I looked at him quizzically. "My magic?"

"The rain," he explained. "In the garden a week ago. The Princess Laeliena is supposed to have some unusual powers, after all."

"I am?"

He nodded.

Sometimes, I thought, I felt like shouting, Surprise! I'm really NOT the Princess of Lahtorli or the Eternal Lah'nayin's daughter, I'm just a thief! Life would be so much easier . . . Mariva and Aiven had explained to me what they knew, or felt I should know, about my position in things, but it felt like they were talking about someone else. The daughter of the Eternal Lah'nayin and the princess of Lahtorli had so many prophesies concerning them that it gave me a headache trying to put them all together.

Sometimes I wished so much that I was still on the streets of Cyri, darting my hands into nobles' pockets and laughing with Johen, Tari, Dein, and the rest of our group.

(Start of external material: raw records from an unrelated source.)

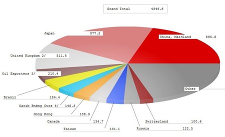 米国債保有国(上の大きな二つの扇型部分が日本と中国)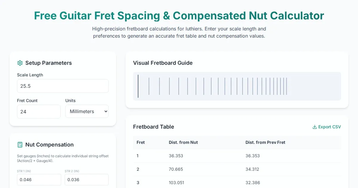 Easily calculate precise guitar fret positions and compensated nut offsets. An essential free online luthier tool for accurate fretboard layout and intonation.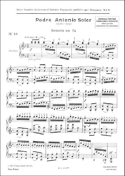 Sonate N. 10 En Fa Majeur, Pour Piano SOLER PADRE ANTONIO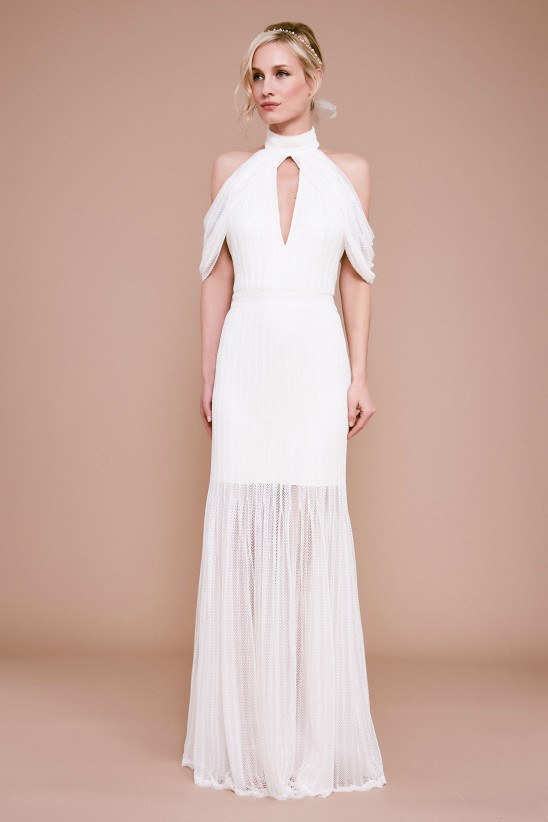 Fine corded lace, off-shoulder draping, and a plunging cutaway neckline create an effortlessly romantic bridal gown. Narrow pleats on the full-length skirt are stitched down to the hipline, where they open up to create sheer volume—without bulk. Approx. Length from High Point Shoulder to Hem is 61.75" Measurements are taken from size 8 Dry Clean Imported If you are unfamiliar with our sizing, we suggest you refer to our Size Guide to find your best fit.
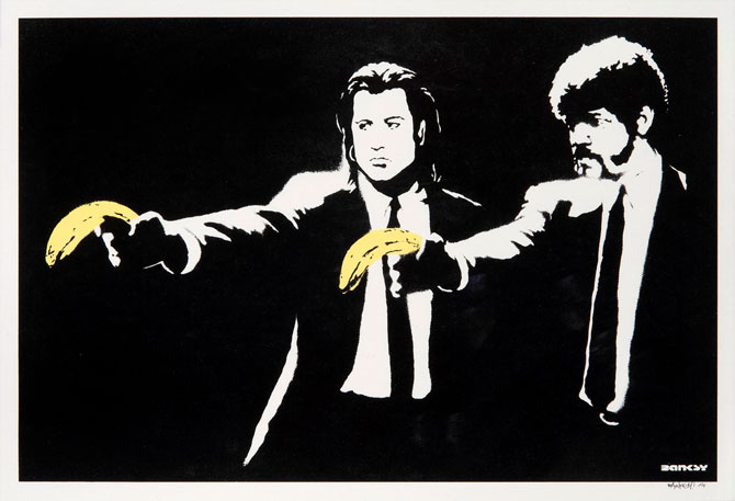 Работа граффити-художника Бэнкси с пародией на фильм «Криминальное чтиво» ушла с молотка на торгах за 125 тысяч фунтов стерлингов. Принт, изданный в 2004 году, воссоздает одну из самых знаменитых сцен «Криминального чтива» Квентина Тарантино: персонажи Джона Траволты и Сэмюэля Л. Джексона стоят в черных костюмах и держат в руках вместо пистолетов бананы.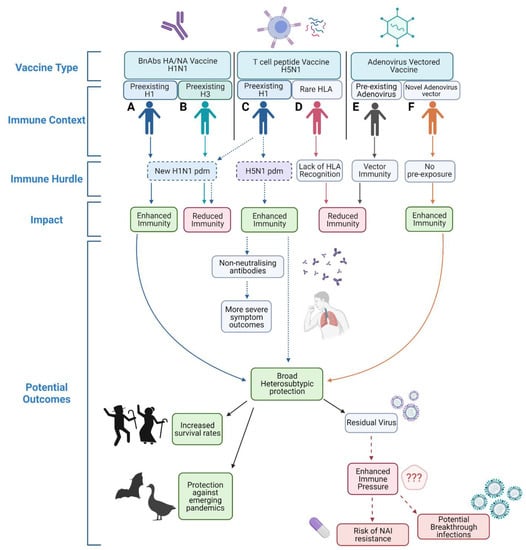 Overview of potential hurdles to varying universal IAV vaccination strategies. Individual (A) vaccinated with a H1N1 BnAbs HA/NA vaccine with prior H1 exposure would have enhanced immunity when exposed to a novel H1N1 pdm virus. Conversely, individual (B) also vaccinated with a H1N1 BnAbs HA/NA vaccine but with prior H3 exposure may have reduced immunity against the same novel H1N1 pdm virus. After vaccination with a H5N1 T cell peptide vaccine individual with prior H1 immunity (C) would have enhanced protection against a homosubtypic H5N1 challenge but may have reduced protection against a novel H1N1 pdm virus. Individual (D) who possesses a rarer HLA type may fail to be protected by a T cell peptide vaccine due to lack of T cell recognition. After vaccination with an adenovirus vectored vaccine an individual with prior vector immunity (E) would have impartial priming leading to reduced immunity, whereas an individual with no prior adenovirus vector exposure (F) would be sufficiently primed. Created in biorender.com.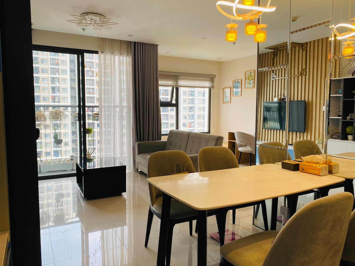 - Located at Master Centre Point, Vinhomes Grand Park, near Vincom Mega Mall and Winwonders Water Park and Theme park. - The apartment is clean and beautiful, with comfortable bedding sets. - Strong WiFi for both work and entertainment. - Full and Modern amenities: big refrigerator, induction stove, microwave, washing machine, smart 65-inch TV, kettle, rice-cooker, hair dryer, iron, umbrella, Lavie mineral water, seasonings... - Fitness/gym center and swimming pool are included for guests.
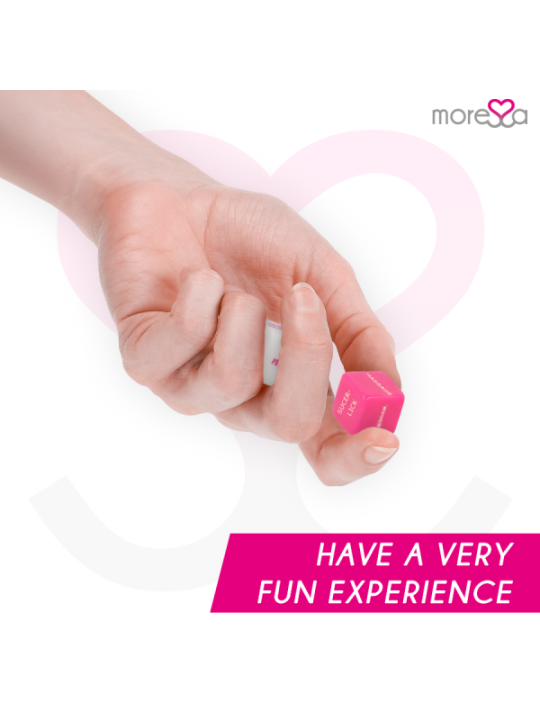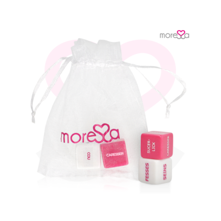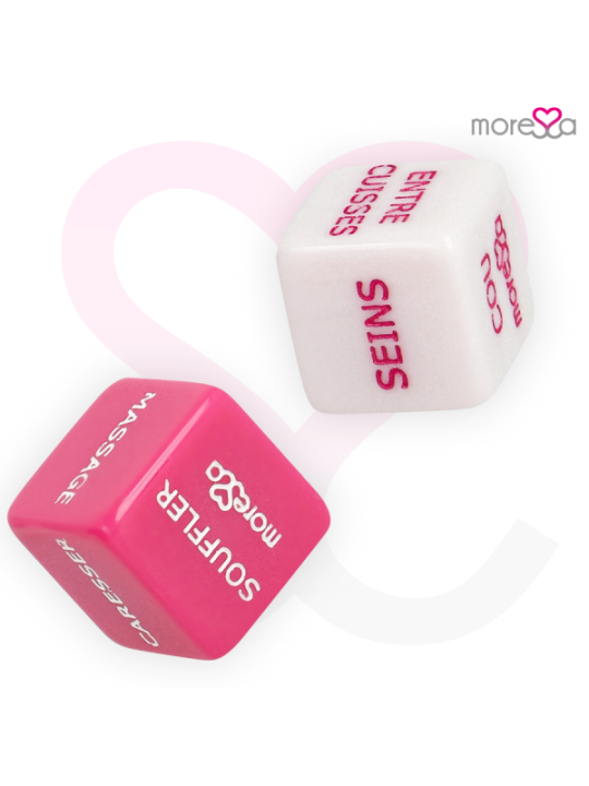 Le dé parfait à la recherche de nouvelles émotions.Un jeu simple mais efficace, offrant des heures érotiques interminables, ces dés sont un jeu divertissant que tout le monde peut gagner !Comprend un petit sac en satin pour garder les dés érotiques en sécurité.Lorsque le baiser et les lèvres sortiront, vous pourrez dire « assez facile ». Tendez la main vers votre amoureux, tendez les bras et prenez-le par les épaules pour poser vos lèvres sur les siennes.Votre partenaire saisit rapidement les dés, les mélange malicieusement et vous les lance de manière ludique. En tombant de votre poitrine, ils atterrissent sur le sol et lisent, mordent et se couvent.En criant d'excitation, votre partenaire devient excité et place sa bouche chaude et humide sur votre cou, puis enfonce lentement et de manière séduisante ses dents dans votre peau. Un doux gémissement de plaisir quitte vos lèvres de manière incontrôlable.Vous demandez à votre amoureux de souffler un lent courant d’air chaud sur les dés pour porter chance. En regardant votre partenaire secouer vigoureusement les dés dans vos mains, vous croisez rapidement les doigts, attendant anxieusement de voir ce qui se passera à votre tour.Alors que le dé blanc tombe de vos mains, vous voyez le dé rose échapper à votre emprise et descendre sur le tapis.Vous pouvez jouer de milliers de façons. LANGUE FRANçAISEContient: 1 dé d'action (couleur rose) 1 dé de localisation (blanc) Sac pratique avec le logo Moressa pour pouvoir les ranger et les emporter où vous voulez pour que la passion n'ait pas de limitesCaractéristiques techniques; 2 cm de longueur 2 cm de large Résine Fabriqué en Europe Matériau sans danger pour le corps Sans Phalatos.Moressa est la marque de référence pour son design, sa qualité et sa technologie. Nous avons développé un produit innovant et pris soin de chaque processus de fabrication pour obtenir le meilleur résultat. Moressa est un symbole d'énergie, de force et de garantie. Acheter un Sextoy Moressa, c'est se sentir reflété dans l'actualité du jour. Chaque Moressa Toy vous transportera vers des sensations différentes. Un résultat inégalé grâce au silicone Premium confortable et aux designs ergonomiques.

And then other times I wanted to be everything I was told that I was, live up to these nobles expectations and more so, prove I was worth more then a kid off the back alleys . . .

Most of the time, though, I was happy. It startled me to think about that; we were on the edge of war, I was forced into being two people I knew nothing about, yet I was happy.

I also would have a bleeding brain if I tried to puzzle out my life anymore.

"Damslae," Aiven called as I began to follow Tullon back to the main column. I turned Dewdrop back alongside Aiven, and looked at him inquiringly.

"I -" he began, then looked away from me, seemingly at a lost for words. I swallowed a smile. There was probably something mean about being amused when Aiven didn't know what to say, but it happened so rarely to him that I felt it was practically my duty to enjoy it when it happened.

"I know how much you liked the jewelry Lord Forlakent gave you," he said with a smile. "And I know you must be suffering from stealing things withdrawal -"

"You think just because I'm traveling with nobility that I've given up stealing?" I said indignantly. "Don't be ridiculous." I fingered by newly acquired silk ribbon in my hair and grinned.

He rolled his eyes. "All right, I WISH you'd given up stealing - and you will within a month - and so I got you something.

I was too interested in what it was then arguing about his pathetic idea of me giving up stealing in a month. He reached into one of his riding coat's pockets and drew out a package wrapped in silk. I unwrapped it slowly, staring down at the necklace in my hands. Strands of silver were woven with perfect, tiny pearls in am unusual pattern.

"Thank you," I said softly, forcing the unfamiliar words out.

Aiven shrugged. "It's been sitting around for awhile, and I certainly can't wear it. I had to give it to someone."

I smiled slightly, watching him. For something that had been "sitting around for a while," he was watching me very carefully to see if I liked it.